Yeah definitely, it's a clever fix that's for sure.


----------



## Laki (Aug 24, 2011)

Neat!! I love it! Where does one find Indian Almond Leaf (that's what IAL is, right?) I just modified a silk plant with non-metal hair elastics for the time being, trust me, it's very crudely done! lol But yours is so nice!!!


----------



## HatsuneMiku (Jul 29, 2011)

=D thank you!!

yes IAL is indian almond leaf .. and my bf found them on e-bay .. they were like $5 dollars for 100 extra large grade A ..

I think oak leaves which might be easier to find or gather from nearby trees .. are also a good source of tannins too and could make a good natural hammock 

but i'm not sure what the process is to dry them and prepare them to be tank ready .. maybe someone else here knows how to do it =D .. i'll post clearer pictures next time i change the leaf in my tank on how i clamped the leaf so that it stays =)


----------



## Littlebittyfish (Jan 5, 2011)

I threw some oak leaves in my 10 gallon and it didn't quite release tannins as well as the IAL...My betta and my shrimp still seems to like it though. I love the IAL hammock idea. 
Also, your betta is really pretty.


----------



## harrypotter (Aug 9, 2011)

What's wrong with the Zoo Med ones? My fish loves his, I always see him napping on it.


----------



## HatsuneMiku (Jul 29, 2011)

the wire in the zoo med one's apparently start rusting after a while and end up sticking out of the leaf and has been the culprit of tearing up bettas fin's and hurting them badly ..
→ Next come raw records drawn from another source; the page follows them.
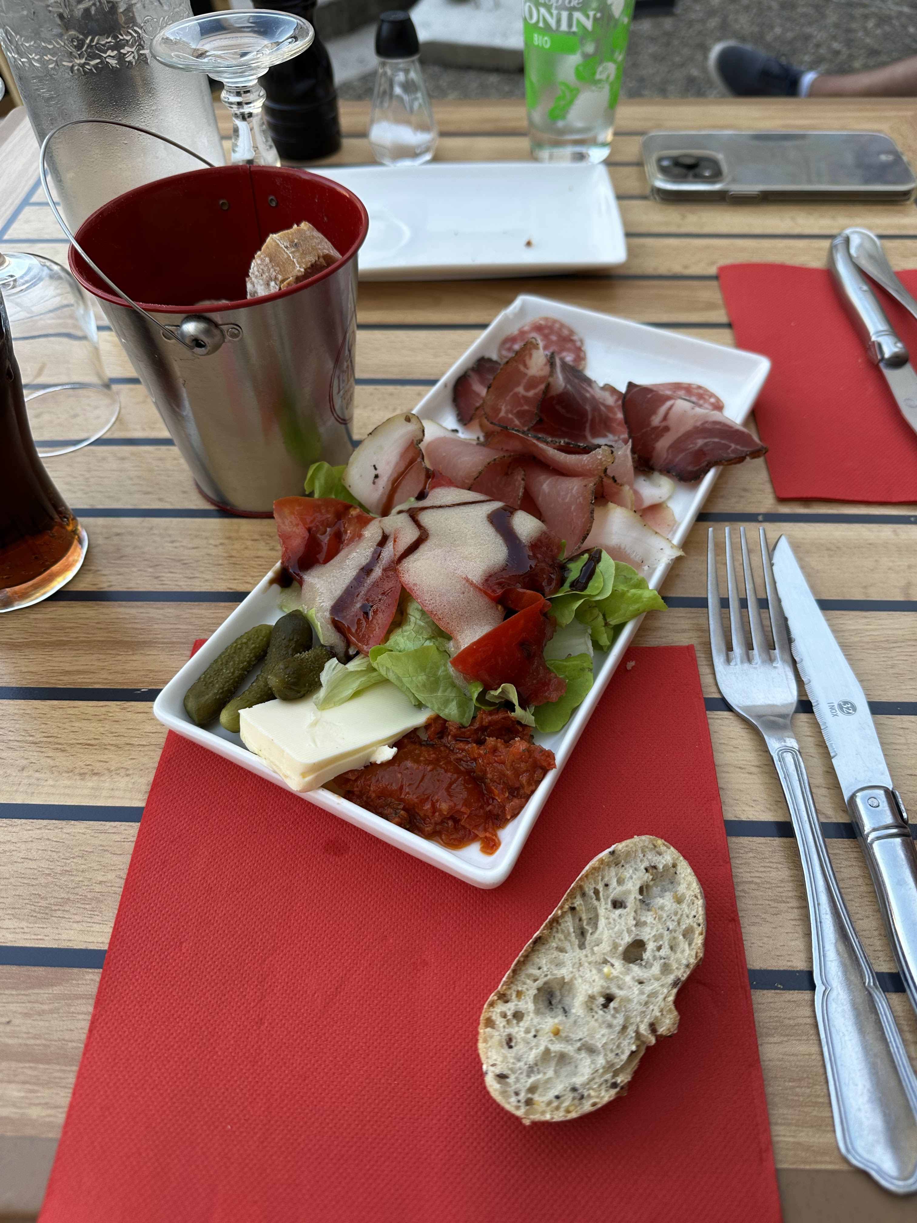 👍Très belle assiette en entrée de charcuterie et gourmande 👎Côtes d'agneau trop cuites donc sèches 👎Entrecôte pas de grande qualité 👎Frites pas terribles 👎Salade d'accompagnement sans aucun intérêt gustatif Juste bon pour les touristes !
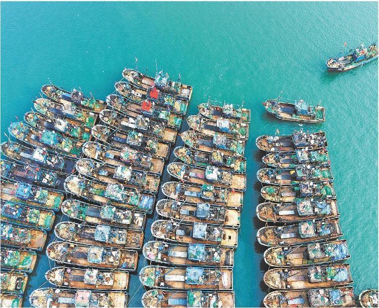新华社发 12月11日,在青岛西海岸新区积米崖渔港,渔船停靠在泊位上。
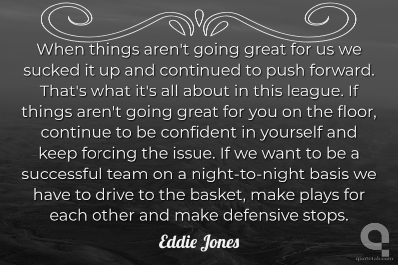 When things aren't going great for us we sucked it up and continued to push forward. That's what it's all about in this league. If things aren't going great for you on the floor, continue to be confident in yourself and keep forcing the issue. If we want to be a successful team on a night-to-night basis we have to drive to the basket, make plays for each other and make defensive stops.
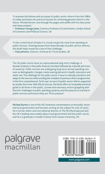 The first comprehensive 'bird's eye' account of public sector reform supported by references from over 400 official sources, this book is an invaluable guide to all those in the public, private and voluntary sectors grappling with the twin challenges of managing public spending austerity and the pressure in response to transform public services.
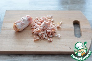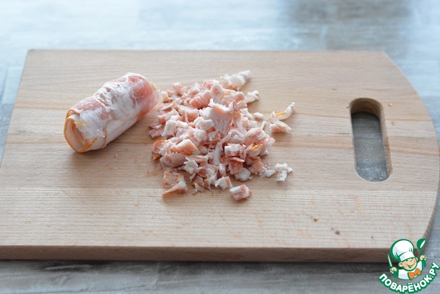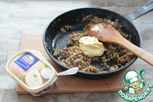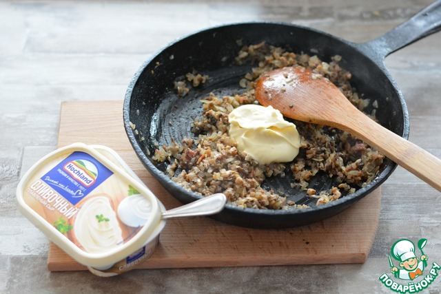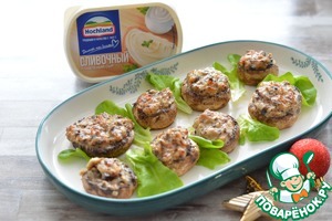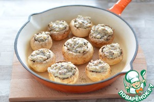 На масле поджарьте мелко нарезанный бекон с мелко нарезанным луком и ножками грибов, снимите с огня, добавьте плавленый сыр и перемешайте. Начинка для шляпок готова
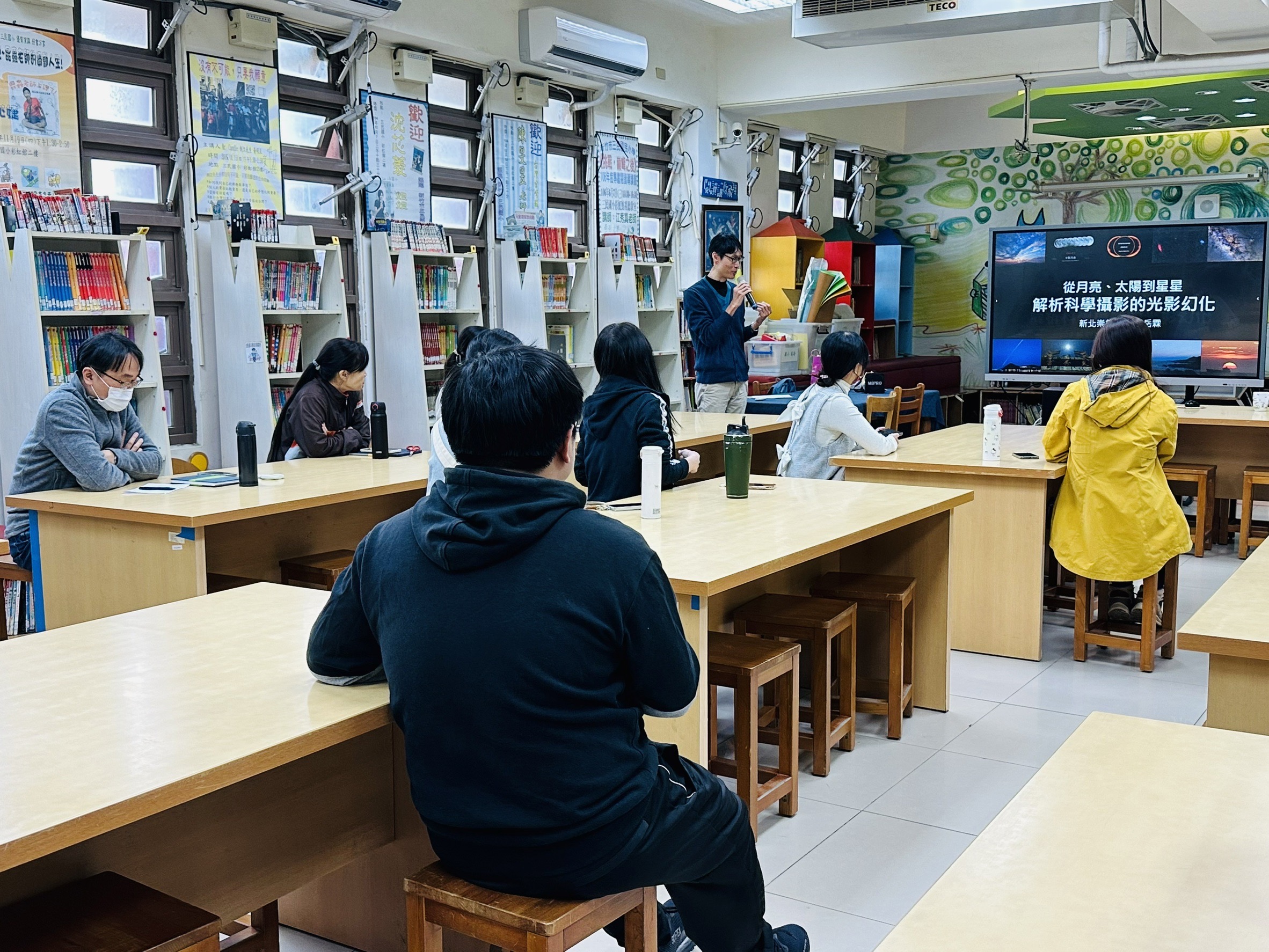 配合科學攝影活動,邀請目前任教於新北市崇德國小的蔡岳霖老師,以月蝕、日蝕及觀察昆蟲攝影作品多次榮獲科博館科學攝影大賽,除了積極推廣國小天文教育,也在自然觀察多所耕耘,集結同好在崇德國小成立了螢火蟲相關課程與教室,並屢次擔任台中科學博物館專題撰稿人員,在科學觀察上有著豐富的經驗與教學經歷。岳霖老師準備的內容豐富多元,從基礎的科學攝影技巧到天文現象的拍攝,如日蝕、月蝕、星象攝影,再到微觀世界的觀察,如螢火蟲的生態攝影,講座特別提到了一些秋冬才會出現的螢火蟲種類,如山窗螢,讓大家了解到,螢火蟲並非只有在夏季才能看到,只要選擇對的季節和地點,也能欣賞到這些夜光精靈。
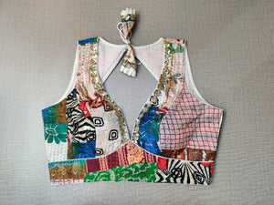 Pair your sarees with this stunning multicolor patch designer sari blouse for a perfect ethnic look. The blouse is enhanced with Kantha stitch and sequin embroidery. Buy designer blouse in USA from Pure Elegance..
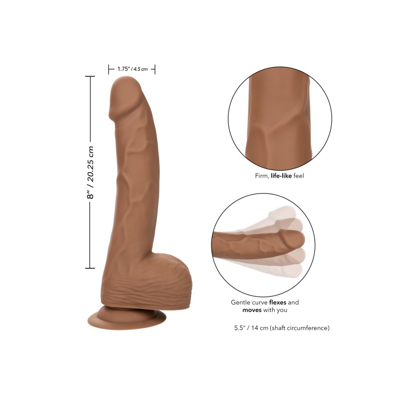 Informazioni aggiuntive : Perno in puro silicone da 8"/20,25 cm, Sensazione salda e realistica, La curva delicata si flette e si muove con voi, Robusta base a ventosa.
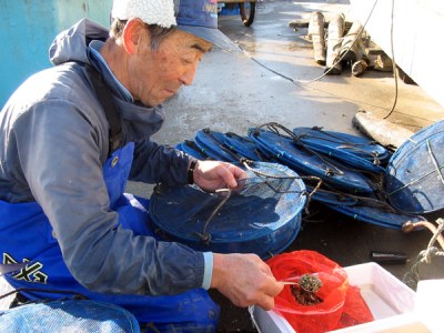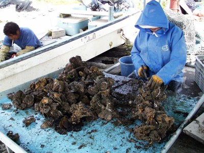 シングルシードカキ養殖については平成15年度から少しずつ出荷が行われていますが、その年や漁場の環境などによって生産量は不安定となっています。現在、大量生産技術の確立に向けて養殖漁家や関係機関が一体となって養殖試験などの取り組みを進めているところです。
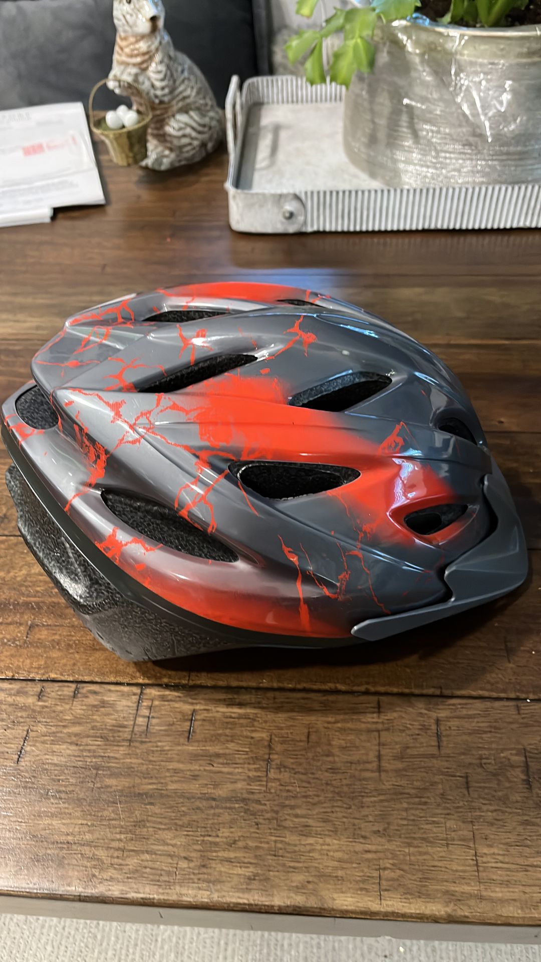 New bike helmet, by BELL, youth 10 - 14 yrs. 15.00. Reflectors on the back of helmet.
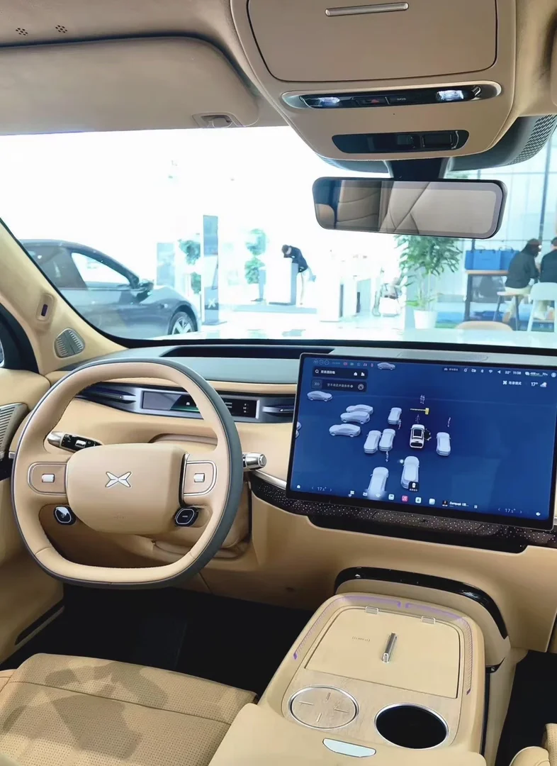 今天深度体验了小鹏GX,实车的气场完全超出了预期。外观上,DLP大灯与寰宇天地贯穿灯的组合极具辨识度,22英寸悬浮轮毂搭配太空陶瓷24K金标,细节处尽显豪华。智能电动门和0.16秒响应的AI调光隐私玻璃,让上下车仪式感拉满。

i'm not saying this has happened to every hammock or owner.. but more then enough of people have had their bettas injured by it .. so that i just couldn't buy something with any risk of it hurting my betta 

=D i hope u got one that's made correctly and doesn't start to rust and doesn't have parts that stick ou

@littlebittyfish

^_^ tyvm .. he's very camera shy .. i was lucky to get that picture since he was so curious about what i had just added in his home he didn't notice i had the camera out hehe !!


----------



## Comet1993 (Jul 28, 2011)

That's a great idea.  It looks very nice, as does your betta. o.o He's gorgeous!


----------



## tlyons01 (Jul 5, 2011)

Yes that is one gorgeous betta!!! Kudos to the hammock idea. I too, have been riddled with what i want for my betta in a big tank and what is safe for him. I really want the floating log, and I had it in my hand at the store today. While walking around i just kept taking it out of the box and feeling how rough the sides were. I do not want to risk it, so I put it back. I am considering using silicone to adhere suction cups to a log that is made to sit on the bottom. I didn't like the ones I saw today so I am still hunting for one that will work. I am betting that idea would really work though... Can't wait to try it out


----------



## Potential4Evil (Aug 27, 2011)

http://www.petsmart.com/product/index.jsp?productId=4055997
i bought that one and there wasnt a metal wire in mine just hard plastic and Chum-Fu loves it


----------



## HatsuneMiku (Jul 29, 2011)

@potential4evil
that is the exact zoo med product that does have a metal wire in the hard plastic leaf stem .. that was mentioned in my OP (as there have been many members that have the product and has had problems with it .. that was discussed on another thread discussing that product .. this is not that thread) .. that OVER TIME will rust .. and become exposed from the "hard plastic" that can cause harm to bettas .. i'm not saying it will happen to you .. but it .. MIGHT .. 

and MIGHT is not a chance i would ever take with my betta .. i just hope that the one u got was made correctly and doesn't end up causing complications later on .. 

ps.. this thread is not the right place to advertise that product (which is in my opinion a bad product .. which is why i made my own natural one as what this thread is about) .. so please don't .. kthx =)

@tlyons01
i have bought 3 of those floating logs and they do feel rough when you touch them .. but they have not caused any tail ripping or damage to any of my 3 bettas that have them in their tank .. 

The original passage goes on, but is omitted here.